Image: Jason DeSomer

Come dinnertime, the whole farm transformed into the HQ for a giant neighborhood Barn Bash, a come-one, come-all barbecue to mark the height of summer. The country stylings of  Zach Bryson and the Oregon Trailers soundtracked the coos elicited from Smokehouse Taverns pulled pork torta and Yakuza’s open-face burger. Judges roamed to pinpoint the night’s best bite and brew: top honors went to Taqueria Nueve, whose pineapple-spiked lengua tacos took both the judges’ tally and the People’s Choice vote, along with a Prickly Pear Sour brewed specifically for Cowabunga by Pono Brewing. A crisp wheat ale from Gateway Brewing also earned a best pairing award from the judges (for those lengua tacos, of course).

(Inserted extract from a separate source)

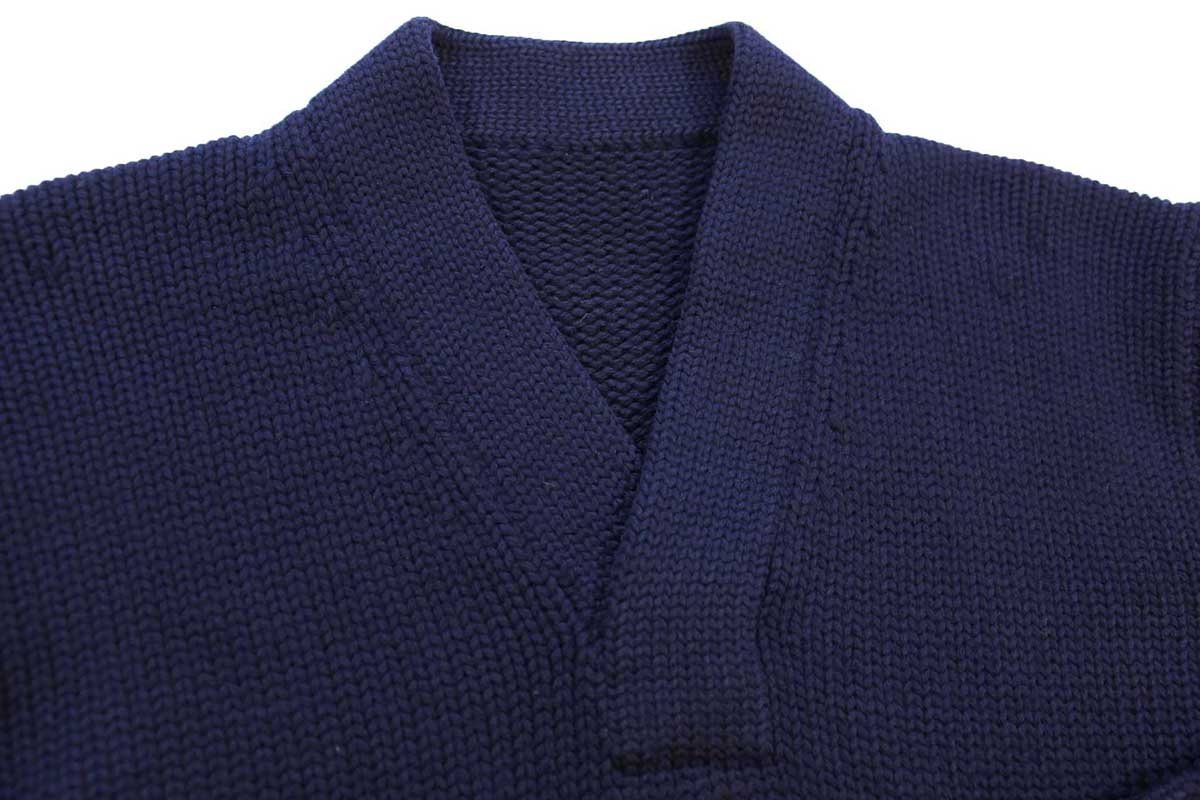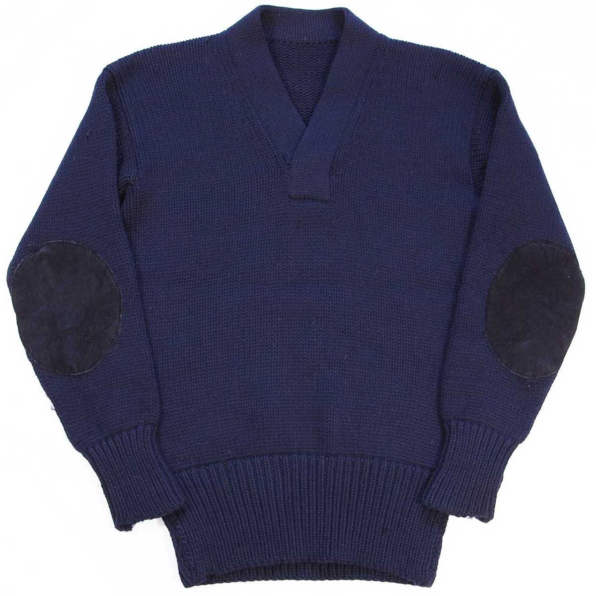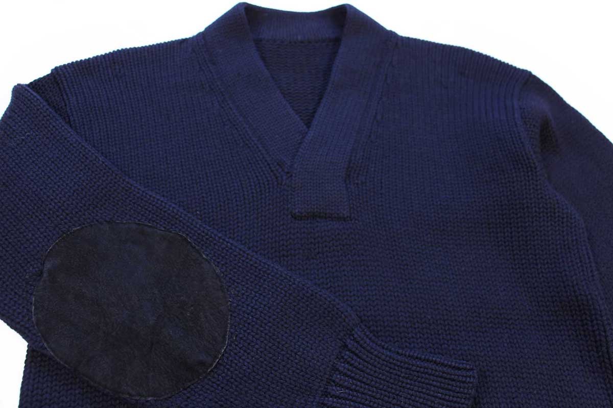 40s UNKNOWN Vネック エルボーパッチ付き ローゲージ ウールニット レタードセーター 濃紺

The very next morning, the farm shape-shifted one last time, as the setting for PoMo’s seventh annual bacchanal of all things morning: Country Brunch. Clouds of fragrant smoke poofed from Big Green Eggs and meat sizzled in Finex pans—ready for the home stretch.

Diners milled about, wolfing gut busting beef brisket breakfast sandos from Il Solito and chocolatey chia pudding bowls from La Luna Cafe. Tapalaya’s Anh Luu served up creamy-wonderful Thai basil shrimp and grits while Figlia’s drew crowds for wood-fired English muffins topped with country ham and chile aioli. And Fried Egg I’m in Love was there. Which makes every morning 100 percent better.

Country Brunch's Bloody Mary Smackdown winning crews pose with their golden cow trophies: Nong’s Khao Man Gai took home People’s Choice while Il Solito scored the Judge’s Award.

Image: Jason DeSomer

A strong cohort of inventive Bloody Marys vied for this year’s Bloody Mary Smackdown honors, from Solo Club’s hefty Korean banchan in a glass to newbie Hey Love’s inventive tomatillo quencher. In the end, Nong’s Khao Man Gai’s galangal-intensive, fried chicken skin garnished Bloody took home People’s Choice while Il Solito’s balanced, classic-tweaking quaff—emboldened by anchovies, rimmed with chile and powdered prosciutto, and topped with a chunk of rich sheep’s milk cheese—stole the Judge’s hearts. “I’ve never seen someone use cheese to such success,” marveled judge Dave Shenaut, the bar mastermind at Raven & Rose (and former Bloody Battle champ).

Sprinkler fiends at Portland Monthly's Cowabunga: Country Brunch at Rossi Farms.

Image: Jason DeSomer

As the sun beat down and stomachs expanded, the lines still stretched far and long for gelato ringer Pinolo’s charming cart, where owner Sando Paolini patiently walked every single guest through a rainbow of achingly fresh flavors (Oregon strawberries to lemon-basil) served from what looked like a mod nod to an old Italian gelato wagon—elaborate silver domes included. 

Revelers practically skipped out of the barn, icy treats in hand—and dashed right through tall sprays of water from the hoses laid across the farm’s hot tarmac. The perfect end to our new favorite summer culinary bender.